组合数学 (Fall 2019)/Problem Set 1

• 每道题目的解答都要有完整的解题过程。中英文不限。
• 9月25日上课时交给老师，或者将电子版发给助教（email: ichenhm@gmail.com）。

Problem 1

Suppose that we have [math]\displaystyle{ n }[/math] identical red balls and [math]\displaystyle{ m }[/math] distinct blue balls. Find the number of ways to select [math]\displaystyle{ r }[/math] balls from these [math]\displaystyle{ n+m }[/math] balls, in each of the following cases:

1. [math]\displaystyle{ r\leq m,\ r\leq n }[/math];
2. [math]\displaystyle{ n\leq r\leq m }[/math];
3. [math]\displaystyle{ m\leq r\leq n }[/math].

Problem 2

李雷和韩梅梅竞选学生会主席，韩梅梅获得选票 [math]\displaystyle{ p }[/math] 张，李雷获得选票 [math]\displaystyle{ q }[/math] 张，[math]\displaystyle{ p\gt q }[/math]。我们将总共的 [math]\displaystyle{ p+q }[/math] 张选票一张一张的点数，有多少种选票的排序方式使得在整个点票过程中，韩梅梅的票数一直高于李雷的票数？等价地，假设选票均匀分布的随机排列，以多大概率在整个点票过程中，韩梅梅的票数一直高于李雷的票数。

Problem 3

In each of the following cases, first answer what the [math]\displaystyle{ a_n }[/math]'s are, and then try to give the closed forms for the generating functions [math]\displaystyle{ A(x)=\sum_{n\ge 0}a_n x^n }[/math].

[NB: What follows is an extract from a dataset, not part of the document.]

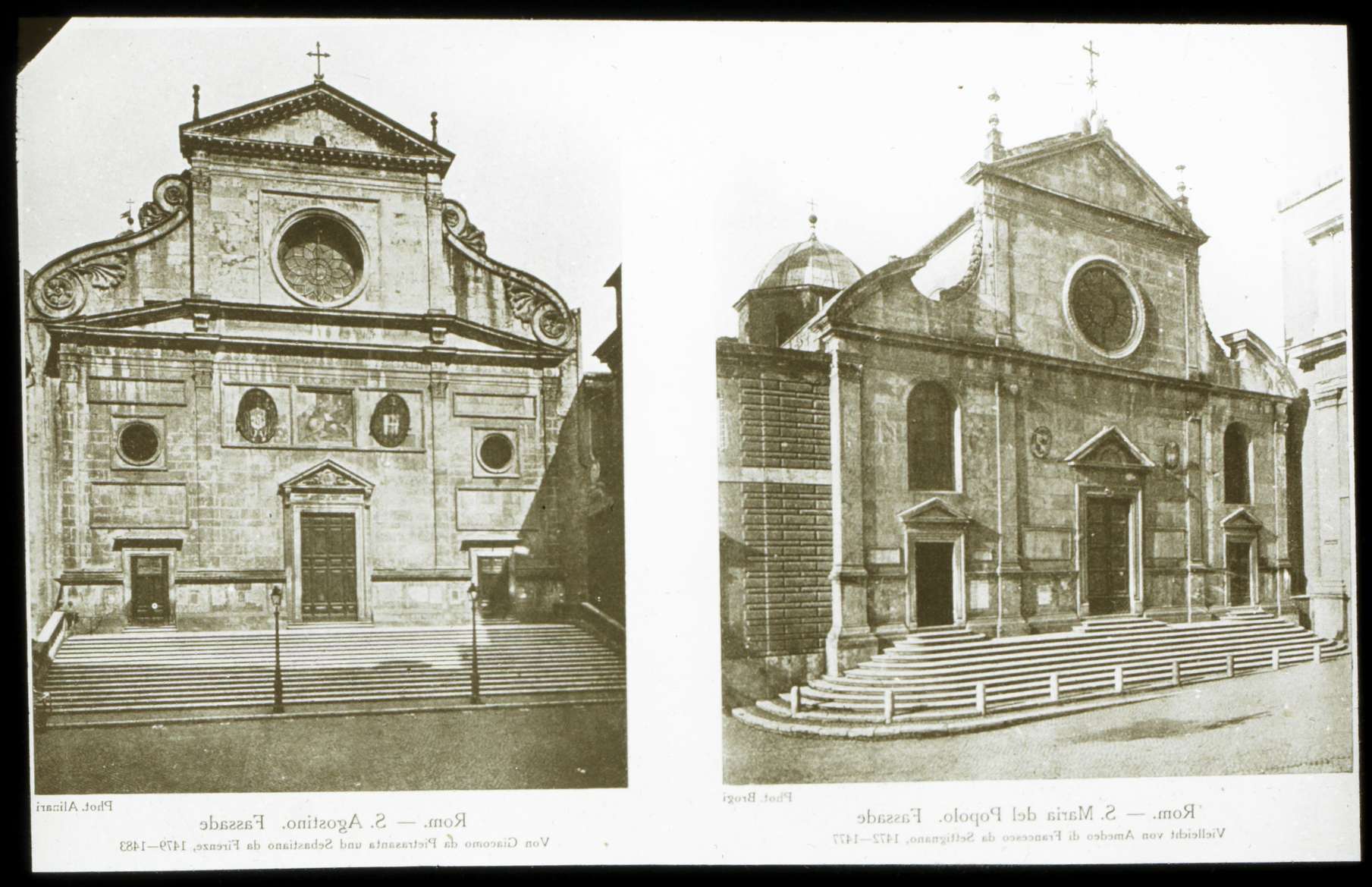 Eglises Santa Maria del Popolo, façade ouest ; église San Augustino, façade ouest

1. [math]\displaystyle{ a_n }[/math] is the number of ways of distributing [math]\displaystyle{ n }[/math] identical objects into 4 distinct boxes;
2. [math]\displaystyle{ a_n }[/math] is the number of ways of distributing [math]\displaystyle{ n }[/math] identical objects into 4 distinct boxes so that no box is empty;
3. [math]\displaystyle{ a_n }[/math] is the number of ways of distributing [math]\displaystyle{ n }[/math] identical objects into 4 identical boxes so that no box is empty;
4. [math]\displaystyle{ a_n }[/math] is the number of ways of distributing [math]\displaystyle{ n }[/math] identical objects into 4 identical boxes.

Problem 4

Let [math]\displaystyle{ (a_n) }[/math] be a sequence of numbers satisfying the recurrence relation:

[math]\displaystyle{ a_n-p \cdot a_{n-1}+(p-q)\cdot q \cdot a_{n-2}=0 }[/math]

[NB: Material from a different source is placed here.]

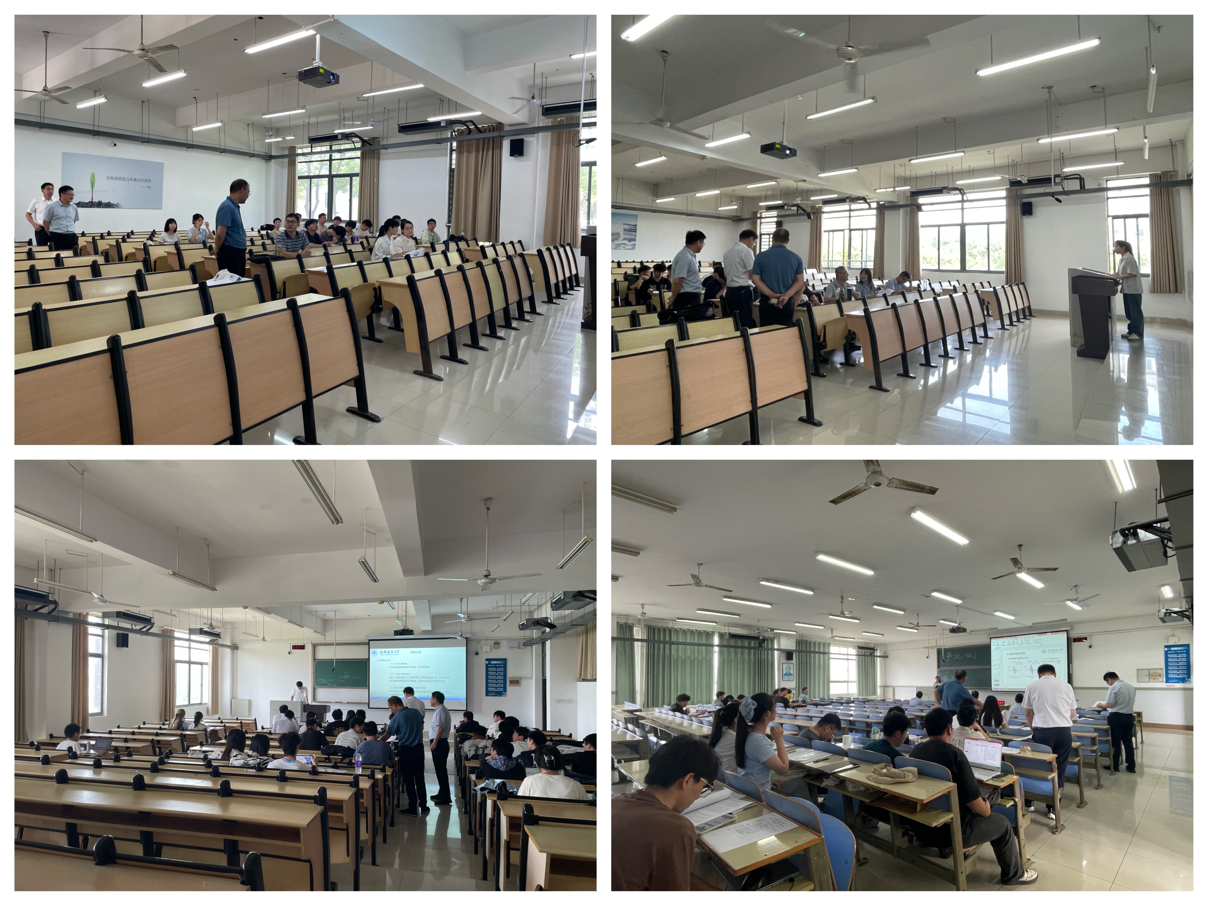 答辩现场,学院领导班子成员深入各个答辩教室查看学生答辩情况。答辩过程主要分为学生自述与评委提问两个环节。在汇报环节,同学们围绕自身研究方向,系统阐述研究背景、目标意义、实验方法及成果。评委提问环节,答辩老师针对学生的汇报内容提出具有针对性的问题,指出论文格式、专业术语、研究方法等方面存在的不足,整个答辩过程规范有序、学术氛围浓厚。

with initial condition [math]\displaystyle{ a_0=1 }[/math] and [math]\displaystyle{ a_1=p }[/math], where [math]\displaystyle{ p }[/math] and [math]\displaystyle{ q }[/math] are distinct nonzero constants. Solve the recurrence relation.

Problem 5

Consider the decimal expansion [math]\displaystyle{ 1/9899=0.0001010203050813213455\cdots }[/math]

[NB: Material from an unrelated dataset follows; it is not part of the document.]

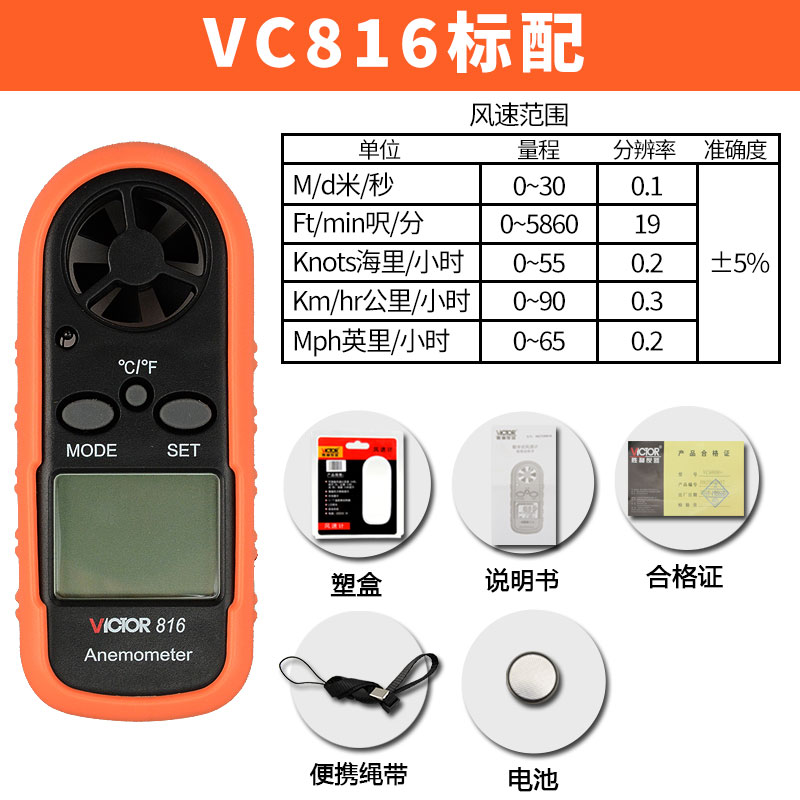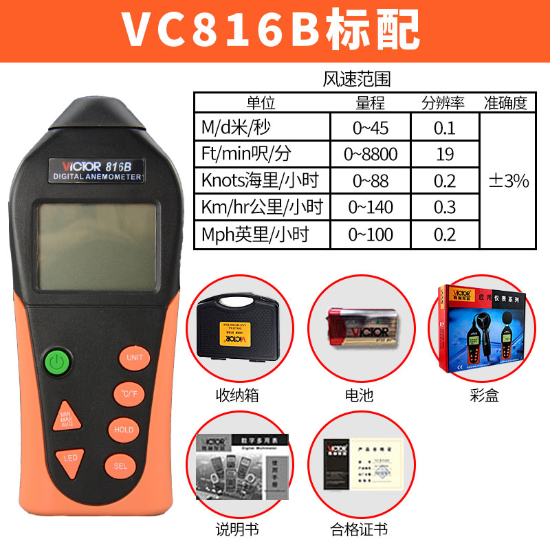 VICTOR816B風(fēng)速計(jì)一款性能穩(wěn)定,可靠,外觀新穎可同時(shí)進(jìn)行風(fēng)速風(fēng)溫測(cè)...

Why do the Fibonacci numbers 1,1,2,3,5,8,13,21,34,55 appear?

Problem 6

Let [math]\displaystyle{ f(n,r,s) }[/math] denote the number of subsets [math]\displaystyle{ S }[/math] of [math]\displaystyle{ [2n] }[/math] consisting of [math]\displaystyle{ r }[/math] odd and [math]\displaystyle{ s }[/math] even integers, with no two elements of [math]\displaystyle{ S }[/math] differing by [math]\displaystyle{ 1 }[/math]. Give a combinatorial proof that [math]\displaystyle{ f(n,r,s)=\binom{n-r}{s}\binom{n-s}{r} }[/math].

• Hint: Note that [math]\displaystyle{ \left({{n-r-s+1}\choose s}\right)=\binom{n-r}{s} }[/math] and [math]\displaystyle{ \left({{n-r-s+1}\choose r}\right)=\binom{n-s}{r} }[/math].